Given the company's positive net income, the primary valuation metric is the Price-to-Earnings (P/E) ratio. The trailing P/E is 40.29, while the forward P/E is 28.31, suggesting the market expects earnings growth. The Price-to-Sales (P/S) ratio is 6.47 and the Enterprise Value-to-Sales (EV/Sales) is 5.72. Peer comparison data is not available in the provided inputs, so a relative valuation assessment cannot be made.
PE
40.3x
Latest Quarter
vs. Historical
Low-End
5-Year PE Range 30x~63x
vs. Industry Avg
N/A
Industry PE ~N/A*
EV/EBITDA
27.0x
Enterprise Value Multiple
Investment Risk Disclosure
The primary risks for WST stem from its valuation and market sensitivity. The stock's high trailing P/E ratio of 40.29 and forward P/E of 28.31 make it vulnerable to multiple compression if earnings growth fails to meet elevated expectations. Furthermore, a short ratio of 3.07 reflects substantial skepticism in the near-term price trajectory, which could lead to increased volatility. Operationally, the company is exposed to the cyclicality of the pharmaceutical and biotech industries. Its revenue is tied to drug development pipelines, regulatory approvals, and capital expenditure cycles of its clients. Any slowdown in biopharmaceutical innovation or spending could directly impact demand for its packaging and delivery solutions. While the company's financials are robust, evidenced by a low debt load and strong liquidity, its premium valuation in a potentially slowing economic environment presents a key risk to investor capital.
FAQ
The key risks include valuation contraction if earnings growth slows, given its high P/E ratio. Sector cyclicality is a concern, as demand depends on pharmaceutical R&D spending. Recent price underperformance and a high short ratio of 3.07 also indicate near-term bearish sentiment and potential for increased volatility.

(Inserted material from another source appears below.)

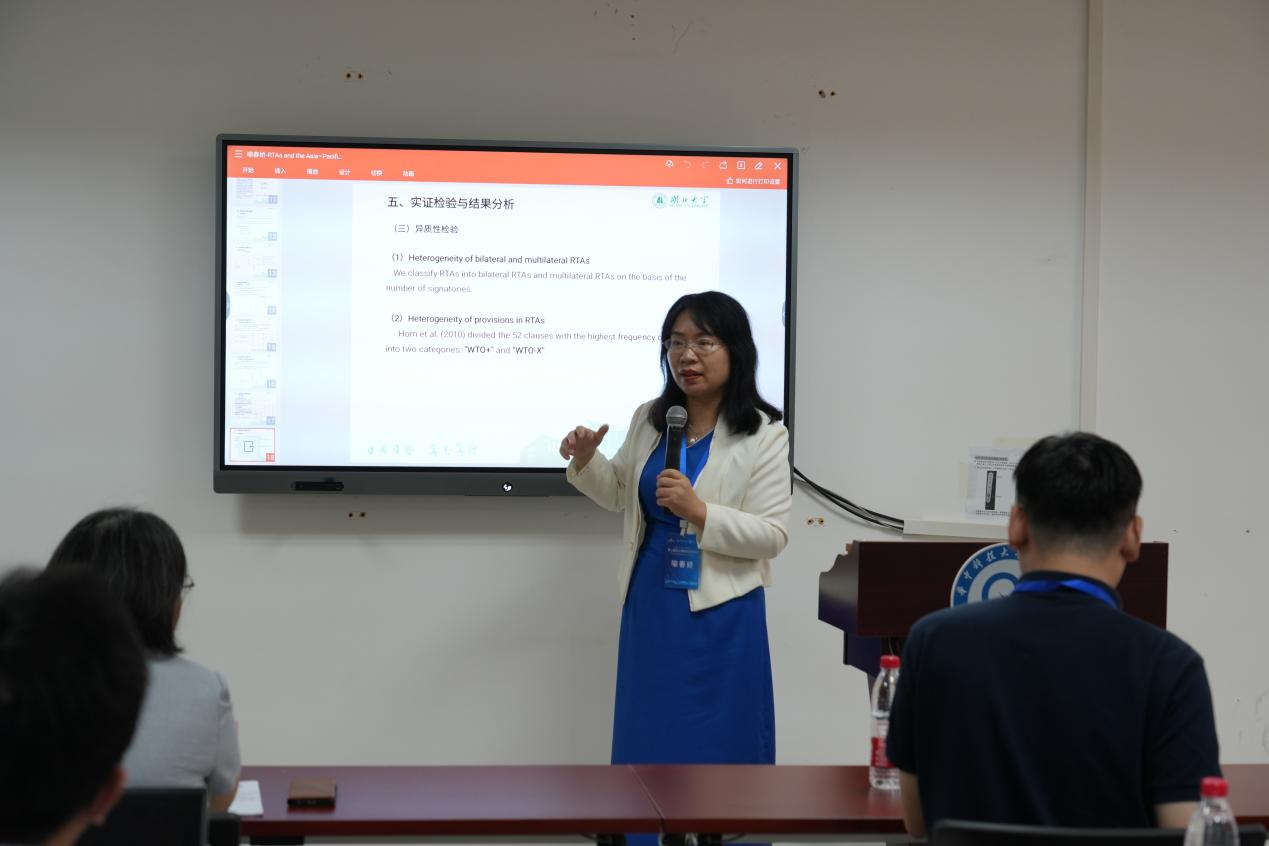 喻春娇教授以《RTAs and the GVC Resilience: Evidence from the Asia-Pacific Region》为主题进行报告,揭示了区域贸易协定(RTAs)在亚太地区全球价值链(GVC)韧性提升中的关键作用。报告指出,RTAs的签署和深化显著增强了亚太价值链的稳定性和安全性。研究表明,诸边RTAs和包含“WTO-X”条款的RTAs在促进价值链韧性方面尤为有效。此外,报告强调了东亚地区RTA深化的特殊贡献,以及在不同经济发展水平和政治关系背景下RTAs影响的异质性。报告建议,亚太地区应加强RTA网络建设,优先与经济发展水平相近的伙伴进行谈判,并提升国内制度质量,以进一步增强区域价值链的韧性。

The 12-month outlook presents a base case target range of $250 to $285, assuming steady execution. A bull case, with a 25% probability, could see the stock reach $300-$322 (near its 52-week high) on strong catalysts. A bear case, with a 15% probability, could see it fall to $187-$230 (near its 52-week low) on earnings disappointment or a market downturn.
Based on traditional metrics, WST appears overvalued. Its trailing P/E ratio of 40.29 is high, and its Price-to-Sales ratio of 6.47 also indicates a premium. The forward P/E of 28.31 shows the market expects earnings growth to justify the price. While not extremely overvalued, it is priced for perfection, leaving little room for operational setbacks.
WST is a good stock for investors seeking exposure to the pharmaceutical supply chain, but timing is crucial. Its strong fundamentals, including a 15.54% ROE and 7.55% revenue growth, are positive. However, its high trailing P/E of 40.3 suggests it is not cheap. A 'Hold' rating is more appropriate currently, suggesting new buyers may want to wait for a better valuation entry point.
WST is more suitable for long-term investment. Its business model benefits from long-term trends in biologic and injectable drugs, and its financial strength supports sustained growth. The stock's high valuation and recent volatility make it less ideal for short-term trading, as it may require patience to realize its fundamental value.